Longest Common Subsequence: String Alignment Problems

Master the classic DP problem for string similarity, diff tools, and bioinformatics with O(mn) time and space optimization techniques.

published: reading time: 16 min read author: GeekWorkBench

Longest Common Subsequence: String Alignment Problems

The longest common subsequence (LCS) problem asks: given two sequences, what is the longest subsequence they share while preserving order? Unlike substrings, subsequences need not be contiguous—it’s about finding the common “skeleton” when you delete zero or more elements from each sequence. This problem underlies file diff tools like Git, plagiarism detection, bioinformatics sequence alignment, and countless other applications where measuring similarity matters.

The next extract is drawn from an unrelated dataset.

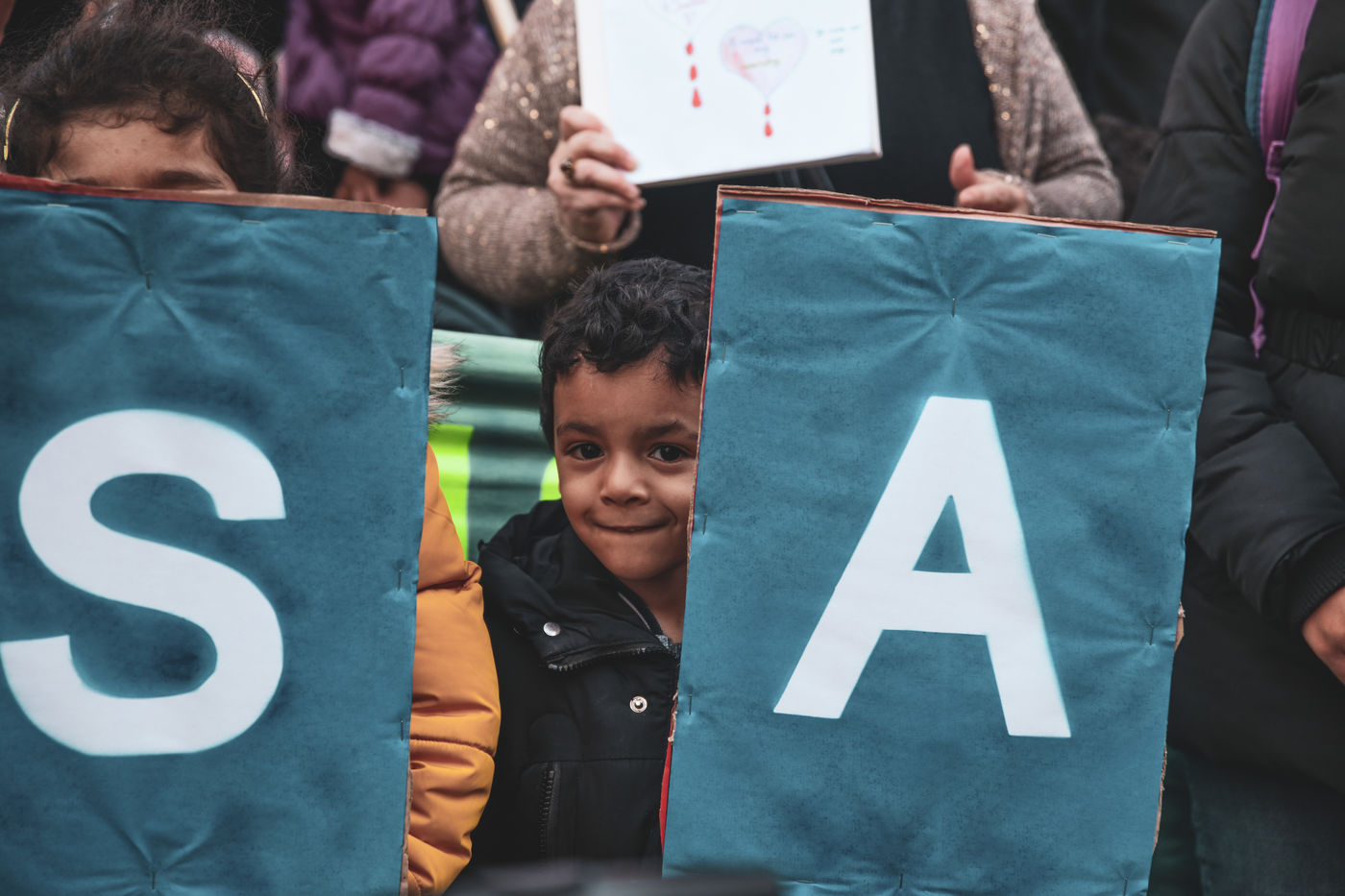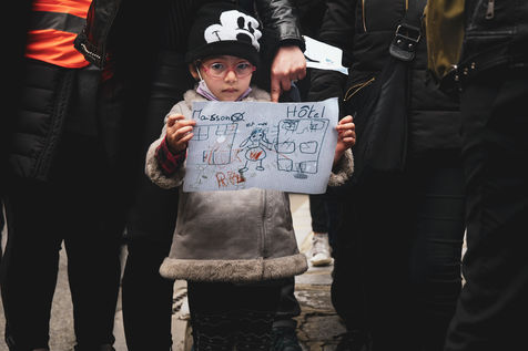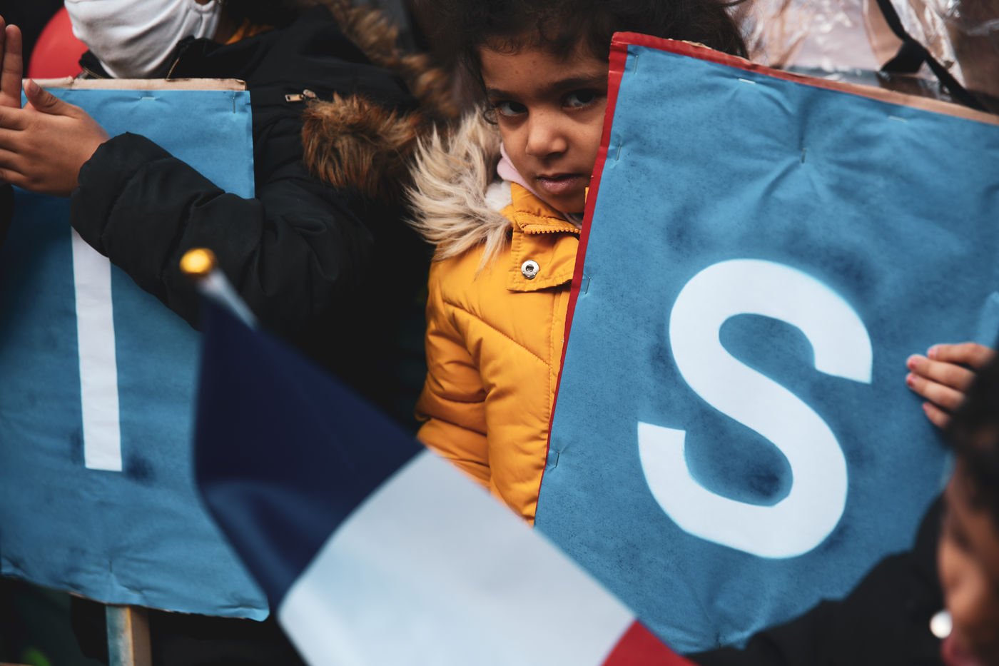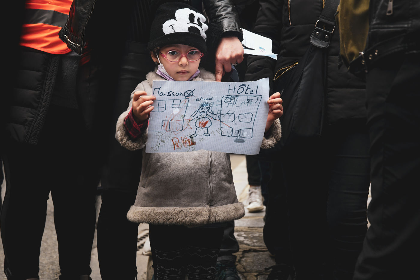 Gathering at the doors of the Ministry of Education at the call of the association Ensemble to raise awareness and demand the regularization of undocumented families with children in school and isolated minors. Paris, France. February 23, 2021.

The DP solution builds a table where dp[i][j] represents the LCS length of the first i characters of sequence A and first j characters of sequence B. The recurrence is elegant: if characters match, it’s 1 + dp[i-1][j-1]; otherwise, it’s max(dp[i-1][j], dp[i][j-1]). With space optimization from O(mn) to O(min(m,n)), this becomes surprisingly practical.

Introduction

LCS is one of the most foundational problems in dynamic programming. Given two sequences, LCS finds the longest subsequence present in both in the same relative order. It’s not just an academic exercise—it powers Git diff, DNA sequence alignment in bioinformatics, plagiarism detection in academic systems, and fuzzy matching in autocomplete features. The key insight that makes it tractable is that the problem exhibits optimal substructure: the LCS of two strings depends only on the LCS of their prefixes.

Understanding LCS matters for several reasons. First, it establishes the string alignment paradigm that underlies many DP problems. Second, the space-optimized O(min(m,n)) solution teaches an important lesson about reducing memory footprint while preserving correctness. Third, variations like edit distance and shortest common supersequence build directly on LCS concepts. In technical interviews, LCS appears regularly—not just as a direct “find LCS length” question, but as a blueprint for solving subsequence problems in disguise.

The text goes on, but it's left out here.